Pandasnap
A service built to capture and collect 'snaps' of beautiful websites designs. It featured Chrome & Firefox browser extensions that allowed users to take snapshots of full landing pages or specific webpage elements.
Contents
Key Points
- PandaSnap was a Django app coupled with a React-based browser extension. I built it during month #3 of my 12 startups journey.
- Upon launch, the product gained over 500 signups and saw decent usage. Over time, some power users collectively took thousands of snaps.
- Although the service is no longer active, you can still demo the 'snapping' feature here along with other features.
Features
- Users got started by signing up and installing the browser extension.
- They could launch Panda Snap with a simple click on any website, then they chose between snapping an element or the entire page.

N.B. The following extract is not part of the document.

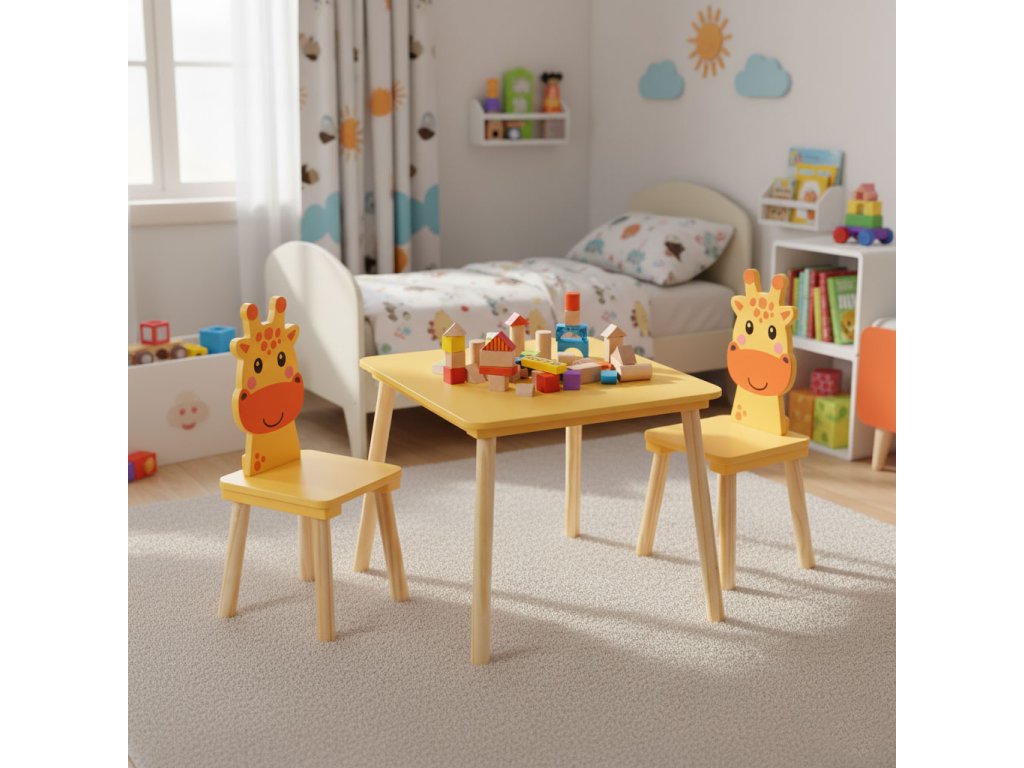 - Súprava: stôl + 2 stoličky s operadlom v tvare žirafy

Once they snapped a screenshot, they were able to tag it before saving to their collection.
- Visiting the website allowed users to view, organise, and search their snap collection.
A collection of snaps with infinite scroll, search, and tag filters.
The UI to snap a specific region on screen.
The UI to save a snap into your collection.
History
- I originally created PandaSnap to satisfy my own need for a design collection tool. I noticed that similar products existed in the market but none of them catered to my specific needs.
- The launch was decent with 500 signups overnight, however the product struggled to maintain momentum. I quickly learned that the consumer market is challenging to sell to, and the $5 subscription fee is hard to profit from unless operating at scale.
- Despite only making one yearly subscription sale, the product did attract a small group of power users, some of whom had over 600 snaps.
- After two years I decided to shut down the service when Heroku increased their fees tenfold.
- Maintaining a browser extension also proved to be a challenge as policies and APIs evolved over time.
- Over time my blog and Twitter posts piqued the interest of other developers. I was referred to several companies and I eventually ended up working with the industry leader on their product. I was given an offer for PandaSnap, but I chose not to sell.
Learn more about the journey of PandaSnap here
The Tech
Django App
- PandaSnap was a standard Django app that used Postgres for the database, and Google for user auth.
- The API was built with DjangoRestFramework. It worked well but in future I would opt for a less opinionated framework.
Landing page
- I'm quite proud of the landing page and I get a lot of positive reactions from it. I built it just two days before launch after a suggestion to recreate the 'snapping' experience as part of the landing page.
- The page uses real elements from the product to mimic the process of 'snapping' something. I thought it was a fun way to show off the product with a wow factor.
- The page uses Django for most of the HTML rendering, and React for powering the smaller interactive sections. I used React Spring for the various animations and transitions.
Browser Extension
- I constructed the browser extension using React and Typescript. One of the challenges I faced was rendering my snapping UI into the webpage without the page's CSS breaking my styles. I overcame this by using the shadow DOM, allowing the UI to interact with the webpage while remaining separate.
- I utilized a library to capture full landing pages which required taking multiple screenshots as the extension automatically scrolls down the page. I had to make custom modifications to make it compatible with modern websites and handle animations. It was a bit tricky but definitely a fun challenge.
- I used the webextension polyfill library to simplify cross-browser development between Chrome and Firefox. I also built an end-to-end testing framework using Selenium. This allowed me to install the extension, sign-up on the server, and test all components together. It was a pretty cool process.
- One issue I encountered was with user authentication between the extension and server. My solution was to use a shared cookie between apps, allowing users to log onto the site and have the extension work without additional logins. The only hiccup was having to set the 'Referer' header in the extension, which broke when Chrome updated to manifest v3. I dealt with many situations like this and maintaining an browser extension takes continuous effort to maintain.